Redis server logs: no errors, no slowlog entries in captured window; BGSAVE ~30–100 ms. Host warning: `vm.overcommit_memory` not enabled.

**Important:** `socket.connect_ex(('redis', 6379))` only proves the port is open — failures are **command read timeouts**, not connect failures.

## Working theories (ranked, post DB-1-clear)

1. **Client read timeout vs `channels_redis` blocking receive**  
   `channels_redis` uses `BZPOPMIN` with a **5s** server-side timeout per receive loop.
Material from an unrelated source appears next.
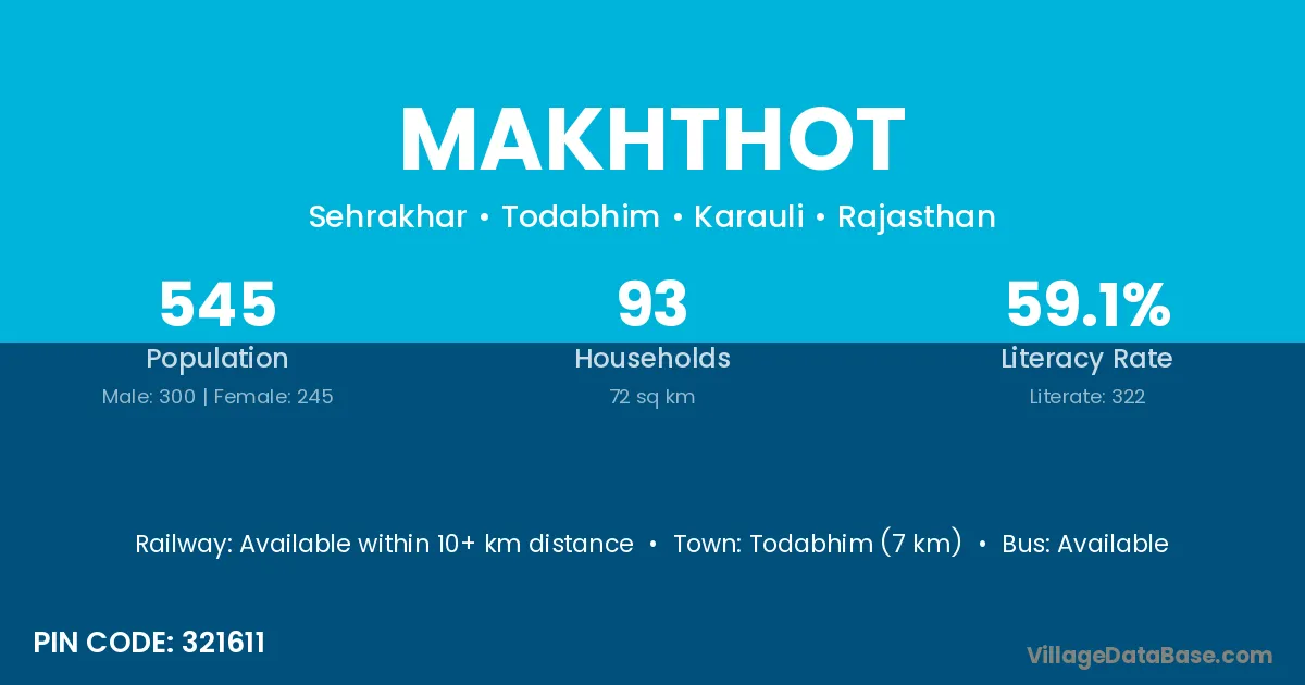 Todabhim (7 km) is the nearest town to Makhthot village for major economic activities and is located approximately 7 km away.

If `redis.asyncio` **client** `socket_timeout` is too low (or Redis is slow to service DB 0 while busy), consumers raise `TimeoutError` → WS disconnect → feeders reconnect → more `group_add` / channel traffic → repeat every few seconds.

2. **Feeder WebSocket reconnect storm (no UI required)**  
   Multiple bots on `/ws/nodes/` with reconnect loops amplify Redis Channels load on DB 0 even without browser tabs.
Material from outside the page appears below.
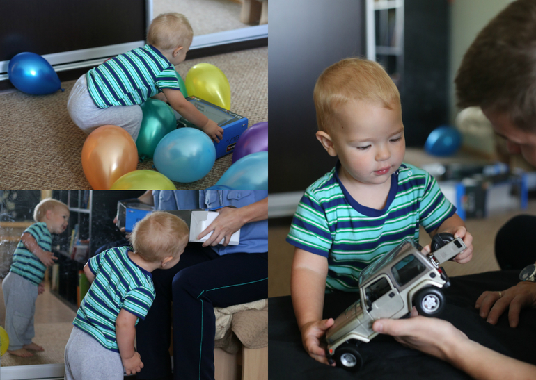Вот наконец светофор загорелся одновременно всеми тремя цветами, и наступил долгожанный День рождения! В куче разноцветных шариков именнинник неожиданно обнаружил... автомобиль! И побежали томительные секунды ожидания вскрытия заветной коробки :)))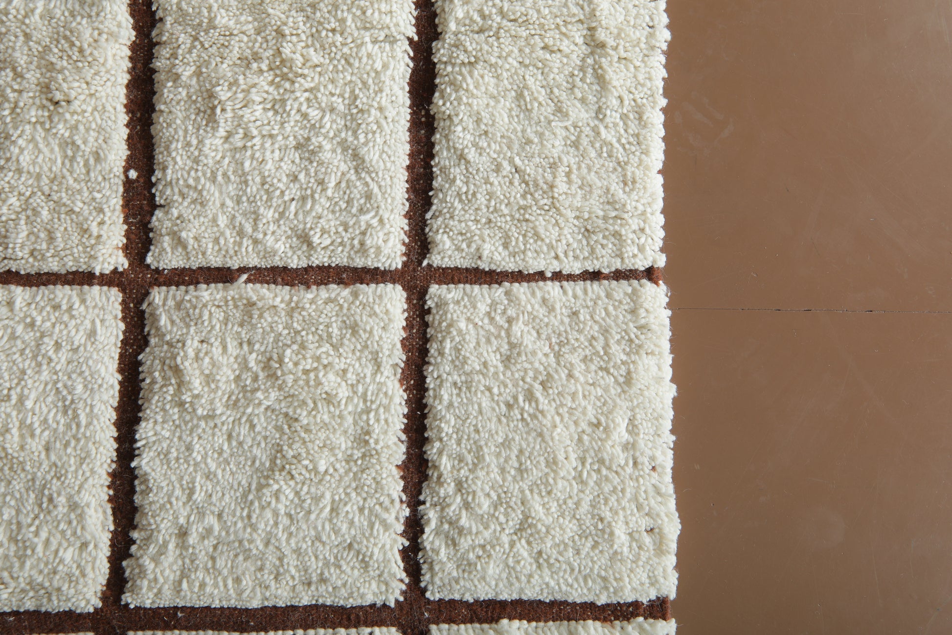 Expertly woven by Moroccan artisans, each rug is made from 100% natural wool , known for its softness, durability, and ability to stay beautiful for years. The timeless check pattern brings visual balance and calm to your living space while maintaining a cozy and inviting atmosphere.

3. **Many Redis connections (~33)**  
   API + Celery workers + beat + RF worker + Site Planner (DB 3) + Channels pools + reconnect churn.

4. **Single Redis process / single event loop**  
   Logical DB indices do **not** isolate CPU — all workloads share one thread. A second Redis **process** on the same host would still separate Channels from Celery/cache/RF.

5. **Python 3.14 in API image**  
   Ahead of typical Channels/Django/redis-py test matrices.

6. **Split-host dev** (check)  
   Local API or bot pointing at pre-prod Redis DB 0 doubles groups — see [text-message-channels.md](docs/features/meshcore/text-message-channels.md).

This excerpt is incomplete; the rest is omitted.